Citation : A. O. c Commission de l’assurance-emploi du Canada, 2020 TSS 769

Numéro de dossier du Tribunal: AD-20-614

ENTRE :

A. O.

Demandeur

et

Commission de l’assurance-emploi du Canada

Défenderesse


DÉCISION DU TRIBUNAL DE LA SÉCURITÉ SOCIALE
Division d’appel


Décision relative à une demande de
permission d’en appeler rendue par :
Stephen Bergen
Date de la décision : Le 10 septembre 2020

Sur cette page

Décision et motifs

Décision

[1] La demande de permission d’en appeler est rejetée.

Aperçu

[2] Le demandeur, A. O. (prestataire), a présenté une demande de prestations d’assurance-emploi en septembre 2008. Certaines indemnités de départ versées par son employeur ont dû être réparties par la défenderesse, la Commission de l’assurance-emploi du Canada. Le prestataire n’a donc reçu aucune prestation à ce moment-là. Il a cependant fini par retourner au travail, puis a de nouveau été mis à pied.

[3] Le 9 mai 2019, le prestataire a demandé que sa demande de prestations soit réactivée. Environ deux mois s’étaient écoulés sans qu’il reçoive des prestations. Le prestataire a donc appelé la Commission. C’est ainsi qu’il a appris qu’il ne recevait pas de prestations du fait qu’il n’avait pas soumis ses déclarations. Il a demandé à la Commission d’antidater ses déclarations au 5 mai 2019. La Commission a cependant refusé, soutenant que le prestataire ne disposait pas d’un motif valable justifiant ses déclarations tardives. La Commission n’a pas changé sa décision à la suite d’une révision demandée par le prestataire.

[4] Le prestataire a fait appel de la décision de révision devant la division générale du Tribunal de la sécurité sociale. La division générale a néanmoins rejeté son appel. Le prestataire demande maintenant la permission d’en appeler à la division d’appel.
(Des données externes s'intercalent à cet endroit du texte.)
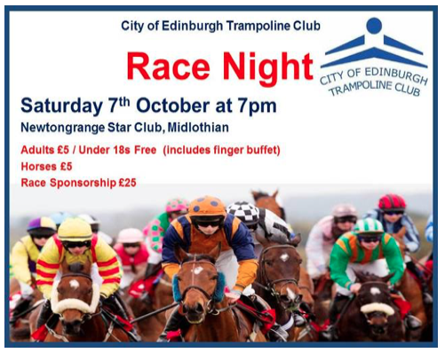 CETC are holding a Race Night for members, family and friends, on Saturday 7 October 2017. The event will be held at the Newtongrange Star Football Social Club. Tickets are now on sale, and available from members of the Fundraising Group and coaches.

[5] Le prestataire n’a aucune chance raisonnable de succès en appel. Il n’est pas parvenu à défendre que la division générale avait fait l’une des erreurs décrites dans les moyens d’appel.

Questions préliminaires

[6] Dans le formulaire de demande de permission d’en appeler, le prestataire a uniquement sélectionné le moyen d’appel qui concerne la justice naturelle et la compétenceNote de bas de page 1. Il n’a pas expliqué pourquoi il croyait que la division générale avait commis l’erreur que décrit ce moyen d’appel. Aucun autre moyen d’appel n’a été invoqué ou expliqué. Le prestataire a cependant dit qu’il se renseignait pour obtenir des avis juridiques.

[7] Pour cette raison, j’ai écrit au prestataire le 23 avril 2020. Je lui ai expliqué les moyens d’appel et demandé de préciser pourquoi il faisait appelNote de bas de page 2. Il avait jusqu’au 22 mai 2019 pour me répondre. Il s’est manifesté le 21 mai 2020 pour demander un plus long délai. Il a affirmé qu’il avait besoin de l’aide d’un représentant pour répondre. Le 27 mai 2020, je lui ai accordé du temps supplémentaire sans toutefois lui imposer d’échéance. Aucune réponse ni communication n’est ensuite venue du prestataire. Je lui ai donc écrit de nouveau le 7 juillet 2020 pour lui rappeler que le Tribunal attendait toujours, lui donnant cette fois jusqu’au 30 juillet 2020 pour répondre. Le prestataire a écrit au Tribunal le 25 juillet 2020 pour demander un autre délai additionnel. Il a dit qu’il n’avait toujours pas trouvé de représentant. J’ai convenu de proroger le délai jusqu’au 21 août 2020. Je lui ai également fait savoir que je rendrais une décision après cette date, même si je ne recevais aucune observation de sa part.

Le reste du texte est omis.